Economists hold dramatically different views regarding this question. From a much earlier time, Bagehot (1873), and Schumpeter (1911) argued that an efficient financial system greatly helped a nation's economy to grow. As Ross Levine has pointed out it was Schumpeter's contention that well-functioning banks spurred technological innovation by offering funding to entrepreneurs that have the best chances of successfully implementing innovative products and production processes.
More recent economists have more skeptical about the role of the financial sector in economic growth. Joan Robinson (1952) asserted that economic growth creates (emphasis added) demand for financial instruments and that where enterprise leads finance follows. Robert Lucas (1988) has also dismissed the finance-economic growth relationship stating that economists “badly over-stress” the role financial factors play in economic growth.
However in recent years thanks to the work of Ross Levine (1997, 1998), Robert King (King and Levine 1993a, 1993b, 1993c) and others (Pagano 1993), economists are again reexamining the role financial markets play in economic growth.
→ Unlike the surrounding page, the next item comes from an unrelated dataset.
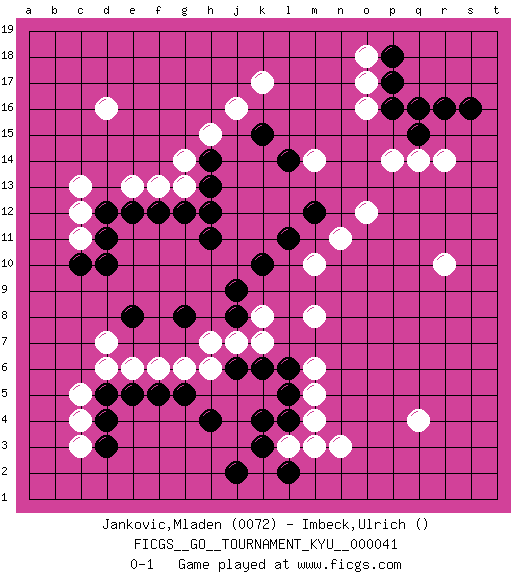 Last move : 0-1 2007 October 6 12:37:18 [Event "FICGS__GO__TOURNAMENT_KYU__000041"] [Site "FICGS"] [Date "2007.08.03"] [Round "1"] [Black "Jankovic,Mladen"] [White "Imbeck,Ulrich"] [Result "0-1"] [Rating 1 "0072"] 1.d4 q4 2.q16 d16 3.d10 r14 4.r16 r10 5.k4 k17 6.k10 c11 7.c10 l3 8.k3 n3 9.h4 c13 10.h14 o16 11.k15 m14 12.l14 d7 13.e8 c5 14.d5 c4 15.d3 c3 16.l5 k8 17.j9 g13 18.h12 m8 19.m12 m10 20.l11 j16 21.h13 g14 22.g12 h15 23.h11 m6 24.l6 m5 25.l4 m4 26.l2 m3 27.j2 j7 28.f12 f13 29.e12 e13 30.d11 c12 31.d12 o12 32.p17 o17 33.p18 o18 34.p16 p14 35.q15 q14 36.s16 h6 37.j8 k7 38.g8 d6 39.e5 f6 40.f5 e6 41.g5 g6 42.j6 h7 43.k6 n11 0-1 Here are the names of the openings (joseki) played in the four corners : Corner q16 : q16 r14 Hoshi (Hwajeom, Seongjeom, Xingwei`) 4-4 Point. The star or hoshi (4-4) point, emphasizing influence at the potential expense of territory. Ikken Kakari (Hankan Keolch'im, Yi Gua`jiao~, 1-Space Low Approach). White 2 is the standard approach move to the 4-4. Player White won this Go (weiqi, baduk) game. Follow this game move after move (download)One big eye kills one small eye. (Anonymous) Life is pleasant. Death is peaceful. It's the transition that's troublesome. (Isaac Asimov)

On the theoretical side complex models have been developed to illustrate the many channels through which the development of financial markets affect and are affected by economic growth. These channels include the facilitation of trading hedging, diversifying, and pooling of risk; the efficient allocation of resources; the monitoring of managers and exerting corporate control; the mobilization of savings; and the facilitation of the exchange of goods and services.
On the empirical side a growing body of studies at the firm-level, industry-level, country-level and cross-country comparisons have demonstrated the strong link between the financial sector and economic growth. King and Levine's (1993a, 1993b, and 1993c) research has shown that level of financial depth (defined as the ratio of liquid assets to GDP) does in fact help to predict economic growth. Other work by Levine (1997, 1998) has shown that financial intermediary development does positively influence economic growth, these results are shown to be robust, that is the relationships still hold when other factors that are know to influence economic growth are held constant.